The 1980s led Kuromiya into AIDS activism as the founder of the Philadelphia chapter of the direct action activist organization, ACT UP (the AIDS Coalition to Unleash Power). In 1989, Kuromiya was diagnosed with AIDS, which intensified his activism. He repeatedly said, “Information is power, “ and founded the Critical Path Project, an HIV/AIDS resource organization that provided information and a 24-hour hotline for the Philadelphia gay community. The Critical Path newsletter, one of the earliest and most comprehensive sources of HIV treatment information, was mailed to thousands of people living with HIV worldwide. Kuromiya also sent newsletters to hundreds of incarcerated individuals to ensure their access to up-to-date treatment information.

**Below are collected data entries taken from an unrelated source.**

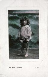| Keywords: paddle bathing swimming swimmers swimsuit swimwear child children bucket spade beach beaches sydney beagles postcards beaglespostcards wave water vintage children's clothing vintagechildrensclothing postcards people Photographic hand coloured postcard, titled, `Off for a paddle.' Reverse inscribed: `Beagles postcards. S.W. Series, Sydney'. Depicts a child dressed for the beach, with a bucket and spade, in a studio setting. Dated 16/08/09. The ANMM undertakes research and accepts public comments that enhance the information we hold about images in our collection. This record has been updated accordingly. Object number: 00002856 Photographic hand coloured postcard, titled, `Off for a paddle.' Reverse inscribed: `Beagles postcards. S.W. Series, Sydney'. Depicts a child dressed for the beach, with a bucket and spade, in a studio setting. Dated 16/08/09. The ANMM undertakes research and accepts public comments that enhance the information we hold about images in our collection. This record has been updated accordingly. Object number: 00002856 |
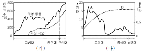 그래프 (가)는 현생 이언 동안 생물의 과의 수 변화를, (나)는 같은 기간 대기 중 이산화탄소량과 산소량의 변화(현재=1)를 나타낸 것이다.
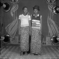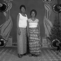 2 female friends from Babadjou standing, in T-shirts and "pagne" skirts, dark shoes, necklaces, earrings, simple hairstyles. Format of original: 59mm x 59mm plastic negative
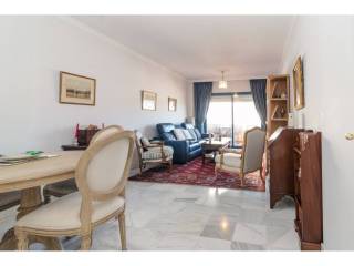 Amplio piso de tres dormitorios con garaje, situado en avenida Ramón y Cajal, en pleno centro de Marbella, dotado de fantásticas vistas al mar y a la montaña, ubicado en una planta alta del edificio en el que se encuentra, en segunda línea de playa y muy cercano al casco antiguo, Muy cómodo por disponer de todos los servicios y comercios alrededor así como de la zona de ocio. A la playa en 2 minutos a pie. Abundante luz natural gracias a la planta donde se encuentra y por su orientación. La vivienda dispone de tres dormitorios amplios con armarios empotrados, dos baños completos, uno de ellos en suite, cocina equipada e independiente con lavadero, espacioso salón con vistas abiertas, dos terrazas, la prncipal con vistas panorámicas increibles, garaje y trastero. Piscina en la cubierta del edificio.

Kuromiya was a pioneer of national and international AIDS research advocacy, and his loving and compassionate mentoring and care for hundreds of people living with HIV was world-renowned. Kiyoshi was the editor of the ACT UP Standard of Care, the first standard of care for people living with HIV produced by PWAs.

During the 1990s, he was involved in several impact litigation cases: a successful lawsuit against the Communications Decency Act to maintain the right of free speech on the internet and Kuromiya vs. The United States of America, a Supreme Court case in which he argued for the legalization of marijuana for medical use by people with AIDS. In 1993, Kuromiya was arrested after protesting at the Capitol in Washington, D.C. and at the White House on behalf of people with AIDS.

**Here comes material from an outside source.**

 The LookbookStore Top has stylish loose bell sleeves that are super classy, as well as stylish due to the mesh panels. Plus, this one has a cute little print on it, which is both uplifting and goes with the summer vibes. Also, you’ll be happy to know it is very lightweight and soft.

“I’m in the back of the police van on the way to the police station from the White House. We were mostly people with AIDS in that van and one of the plastic handcuffs were on too tight and was cutting off circulation and this person was scared, so of course I slipped out of my handcuffs. And of course, everyone thought I was Houdini at the time. I said, ‘No, I’m used to this. I know exactly what positions to put my hands in as they’re putting them on, and I can get out of it.’ I borrowed someone’s nail clippers and got everyone else’s off.”

Philadelphia author, activist and archivist, Tommi Avicolli Mecca was a close friend of Kuromiya’s. He summed up Kuromiya’s activism succinctly. “Kiyoshi was a lifelong activist who saw the intersectionality of issues, cofounding Philadelphia GLF, going south on the freedom rides, marching with King in Selma, opposing the war in Vietnam and all war, and, of course, fighting against AIDS in the 80s and 90s.”

Avicolli Mecca added that Kuromiya’s work was broad, encompassing and fundamentally queer, “Kiyoshi wasn’t about assimilating into the dominant heterosexual culture. He was about changing a system that oppresses so many people that put profits over human needs. That will always be his legacy.”